Tous deux entreprirent l'ascension de la montagne.
Mais avant de gravir les pentes, bien que leur qi eût donné des signes de rétablissement, la récupération était lente, à l'image d'une convalescence après une grave maladie : la maladie s'abat comme une montagne, et s'en va comme on tire la soie.
Pour que leur qi emplisse complètement tous les points d'acupuncture de leur corps, il leur faudrait vraisemblablement au moins une demi-journée encore.
Aucun des deux ne jugeait cela mauvais. Si leur était demeuré bloqué, cela leur aurait été bien plus préjudiciable. À présent, même si la reprise était lente, elle valait infiniment mieux qu'auparavant.
Chen Chao aimait toujours envisager le pire des dénouements. Ainsi, si les choses tournaient ne fût-ce qu'un peu mieux que prévu, c'était du gain.
Quant à Automne, peut-être cette femme n'avait-elle jamais songé aux conséquences. S'il fallait agir, elle agissait, un point c'est tout.
Ils cheminaient le long de la voie divine qui menait au sommet.
Quant à l'origine de ce nom, elle tenait aux sculptures qui ornaient les deux garde-corps : d'innombrables créatures immortelles légendaires y étaient gravées. Dans les grands palais au-dessus des nuages, des grues immortelles et d'innombrables immortels flottaient, éthérés, d'un réalisme saisissant.
Une fine brume recouvrait également la voie divine, lui donnant l'allure d'une route céleste menant au royaume des immortels.
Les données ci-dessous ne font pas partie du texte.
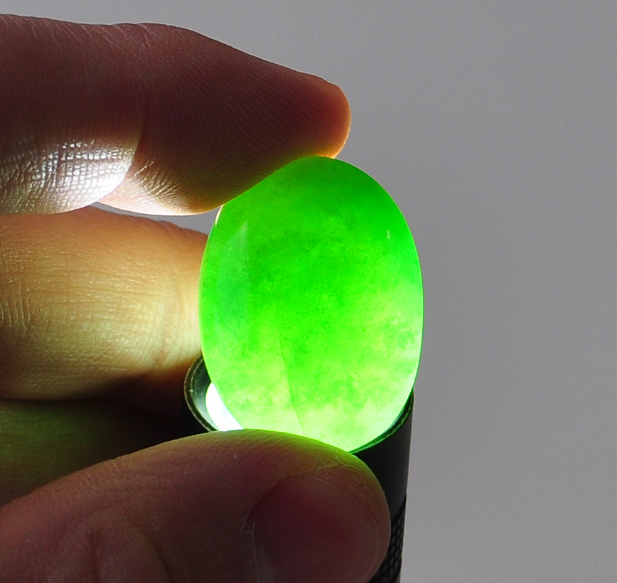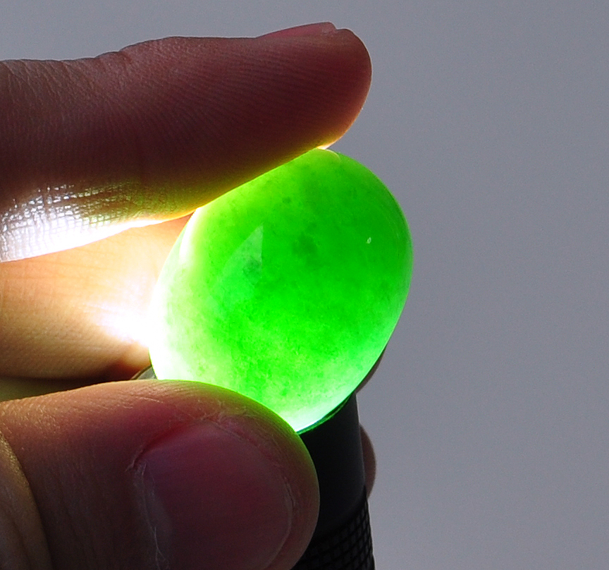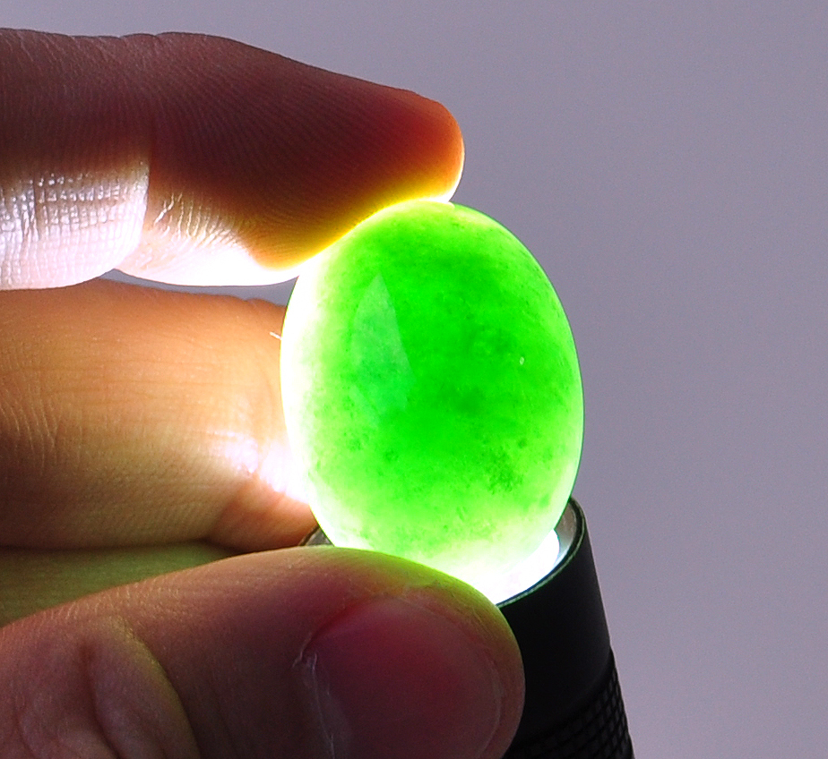 ※非常に透明度も高く、またルースとしては非常に大きな親指程のサイズの超極上ろうかん翡翠になります。

Chen Chao et Automne avançaient sur cette voie divine, ni trop vite ni trop lentement. Chacun se tenait près d'un bord du garde-corps, jetant des coups d'œil de part et d'autre pour embrasser du regard la montagne divine aux couleurs changeantes.
« Une montagne divine, une montagne divine : est-ce, en définitive, une secte, ou un lieu de culte et de croyance ? »
En arpentant cette prétendue voie divine, Chen Chao conservait en lui d'innombrables questions. Quoiqu'il l'examinât, cette montagne divine ne ressemblait en rien aux ruines de sectes qu'il avait vues jusque-là.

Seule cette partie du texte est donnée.